Отец с его сестрой лежали на диване. Отец был мужчиной стройного телосложения, с черными волосами, немного прижмурливыми глазами ярко зеленого цвета, отдающего желтоватым оттенком, которые излучали умный, пытливый и сильный взгляд. На первый взгляд, то был мужчина неземной силы, которому чуждо все мирское, но неисчерпаемая любовь к детям и доброе сердце противоречили этому. Его сестра уже начинала дремать. У нее были тоже темные волосы, как и у отца. Она согнулась калачиком под рукой у отца и тихо сопела, уткнувшись лицом в подушку, а отец еще полон сил смотрел телевизор. Ему хотелось поговорить с сыном, сблизиться. Они не особо общались, не особо даже знали, что сказать друг другу, а порой в их общении проскакивали секунды неловкого молчания, когда ты сидишь, смотришь и не знаешь, что сказать своему собеседнику. И и вот это утерянное общения не давало ему покоя. Он хотел поближе узнать, что нравится его сыну, а что – нет, в чем они близки, а а чем – нет. Конечно, он и так любил его и не чаял души, и вдруг чего-то, то сразу готов умереть ради него. И тем не менее, ему этого было мало.

– Да так. Сидел на лавочке. Встретил Лизу, – скудо ответил Себастьян.

– О Лизу? – удивлённо спросил отец, – как она? Что говорит?

– Да так, ничего, – ответил Себастьян, присев рядом на второй диван, – мы недолго общались. Минут пять. Просто поздно уже, и я решил пойти домой.

– Понятно, – сказал отец.

– Па, – обратился Себастьян, – я спать пойду. Очень уж устал, – он посмотрел на него с улыбкой, на которую отец ответил взаим. Ему хотелось ещё поговорить с сыном, но тот, не думаю, сразу пошел спать. И тем не менее, сам отец был доволен этими несколькими минутами, проведенные с сыном. Хоть и было это мгновением, но в них чувствовалась искренность. Отец улыбнулся и почувствовал, как его тоже начинает клонить в сон. Себастьян уже лежал у себя в комнате, на кровати, и засыпал. Отец отнес дочь в ее комнату, положил на кровать и укрыл пледом, а сам вернулся на диван и под звуки стрелки часов, лежа в кромешной темноте, закутался в одеяло и стал потихоньку засыпать. Он пытался не думать или только следить за своими снами, чтобы они сами шли по себе, а он в это время медленно погружался в сон, пока не уснул. Ещё с детства ему было тяжело засыпать, а своих снов он боялся как монстров. Хоть кошмары ему и не снились, но сны его были страшнее кошмаров…

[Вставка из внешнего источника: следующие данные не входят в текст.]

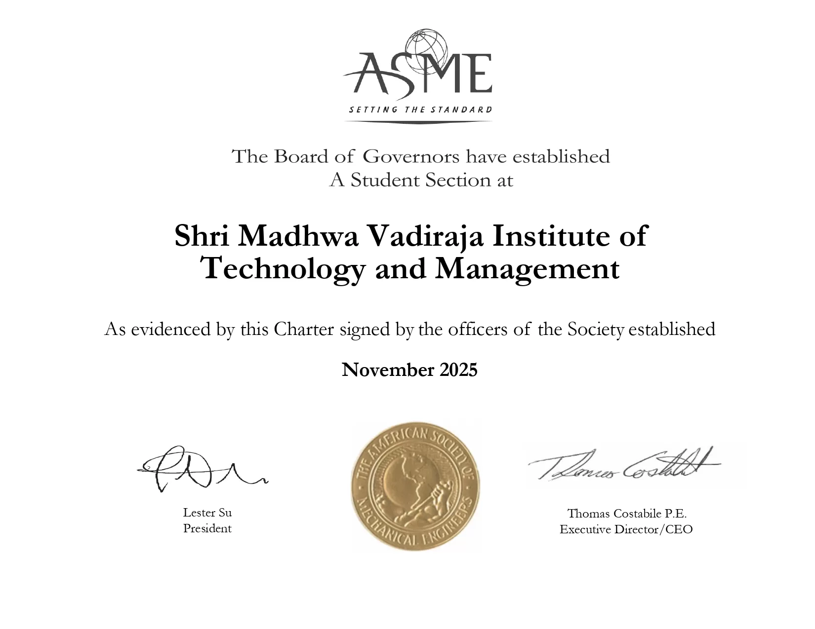 Shri Madhwa Vadiraja Institute of Technology and Management (SMVITM) has been officially recognized as an ASME Student Section by the prestigious American Society of Mechanical Engineers (ASME). The charter, issued in November 2025, marks a significant milestone for the institution and the Department of Mechanical Engineering, strengthening professional engagement and technical learning opportunities for students. This recognition will encourage students to participate in ASME-led activities, workshops, technical events, and collaborative initiatives, thereby enhancing their exposure to global engineering standards and industry-focused learning.

На улице стояла глубокая, пасмурная ночь. Облака закрыли Луну и звёзды, и среди темных туч виднелись вспышки молнии, за коими следовали ужасные раскаты грома. Окна в доме ходили ходором. Себастьян проснулся. Его мучила жажда и позыв в туалет. Он приподнялся с кровати и присел на нее, а в окне мерцала молния. Он покрутил головой по сторонам, встал, и, сглотнув, вышел с комнаты, и медленным, тихим шагом пошел в туалет. Он пытался идти спокойно, перекатываясь с ноги на ногу, чтобы никого не разбудить. В гостиной на диване никого не было.

– Папа в комнате, значит, – подумал Себастьян и дальше пошел, ступая таким же шагом.

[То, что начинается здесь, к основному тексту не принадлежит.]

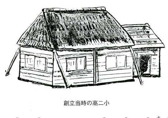 明34. 5. 6 東京府豊多摩郡高井戸第二尋常小学校と称し、木造わらぶき平屋建で開校 児童数89名、教員2名、校長:小島昌一、普通教室2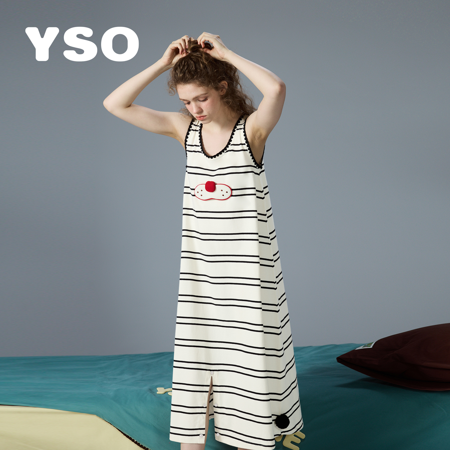 yso【礼物系列】连体睡衣女夏季睡裙春夏蝴蝶结可爱棉感家居服女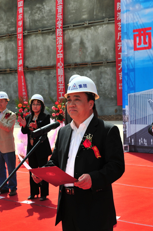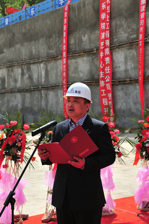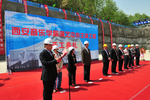 陕西建工集团总公司总经理李里丁讲话,高度评价了演艺中心从设计构思到工程的科技含量都是一流的,并表示要把演艺中心建设作为陕西建工集团总公司的重点工程来抓,调集精兵强将,创建一流精品工程。同时,要求参建队伍要做到标准化施工,从点滴抓起,所有工序都要达到国颁标准;绿色无污染施工,节能减排、低碳高效,要把工地建成绿色低碳化施工的典范;做到和谐施工,使演艺中心建设成为陕西建工集团总公司一个新的亮点工程。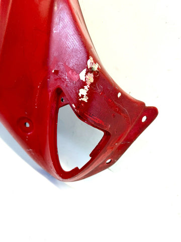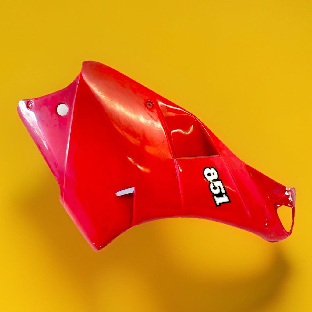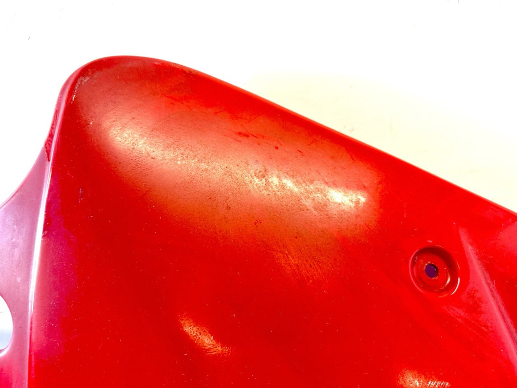 Up for sale is a genuine Ducati 851 right side upper fairing cowl panel, part number 48030021C. This red-colored fairing is made of fiberglass reinforced plastic (FRP) and ABS plastic, finished with paint. It is a single piece fairing, specifically designed for the right side of the motorcycle. The fairing is used but in good condition with minor cracks. This fairing fits Ducati 851 models, and it is manufactured in Italy. Get this OE/OEM part number 48030021C.

Подойдя к туалету, он заметил какую-то промелькнувшую тень на улице. Он немного вздрогнул, испугавшись, дыхание замерло. Он так и не выдохнув, а стоял, как вкопанный на одном месте, даже не опустив ногу с пальцев на пятки, но все же собрался с силами, пригнулся и подошел к окну. Себастьян пристально опрокинул взглядом весь двор, пытаясь не упустить каждую деталь. Но нигде никого не увидел. В дворе все, вроде, стояло по своим местам. Себастьян решил, что ему показалось, поэтому развернулся, чтобы зайти в туалет, но перед глазами опять мелькнула тень, не успев он даже повернуться.

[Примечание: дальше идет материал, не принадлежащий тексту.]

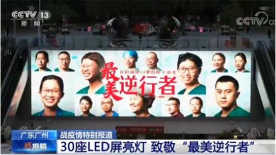 從2月17日開始,廣東廣州中心城區(qū)的30座LED大屏投影出了多幅“最美逆行者”的照片,為奮戰(zhàn)在湖北疫情一線的醫(yī)務(wù)人員送上鼓勵(lì)和祝福。

Теперь его дыхание участилось, а ноги стали подкашиваться. Ему было страшно. Если закричать, могут заметить и ворваться в дом, если в дворе кто-то все-таки есть, а если никого, то только разбужу отца с сестрой и напугаю их по пустякам, та еще и подумают, что больной. Нужно было убедиться, что наверняка. Он еще раз тихо подошел к окну, присел на корточки, чтобы выглядывали только макушка с глазами

Что за? – удивленно произнес он, поднявшись в полный рост. Он оперся о подоконник и, прижавшись лбом к окну, стал смотреть: в кромешной тьме, посреди самого двора, стоял его отец, развернутый к нему спиной. Он стоял на коленях, и пристально смотрел в небеса, будто воздавая молитву. Он склонил свою голову к коленям. Себастьян вздрогнул. Окно запотело от его дыхания, закрывая обзор. Он отодвинулся от окна, чтобы протереть рукой и дальше стал смотреть, но отца уже не было.

– Что за хуйня? – сказал Себастьян про себя, стоя в оцепенении. Он откинулся от окна и повернулся, чтобы бежать в комнату, но напротив него, впритык из ниоткуда возник отец. Он молча стоял с закрытыми глазами. Себастьян дрожал, он не понимал, что происходит. Он взглянул на дверь. Она закрыта. Никто не входил. – Но как тогда.

– – Папа? – осторожно произнес Себастьян, посмотрев в его глаза.

– Прости сынок, – прозвучали слова, но был не голос это отца. Его глаза открылись, и с них, ярких, испускающих желтый свет, полились реки огня.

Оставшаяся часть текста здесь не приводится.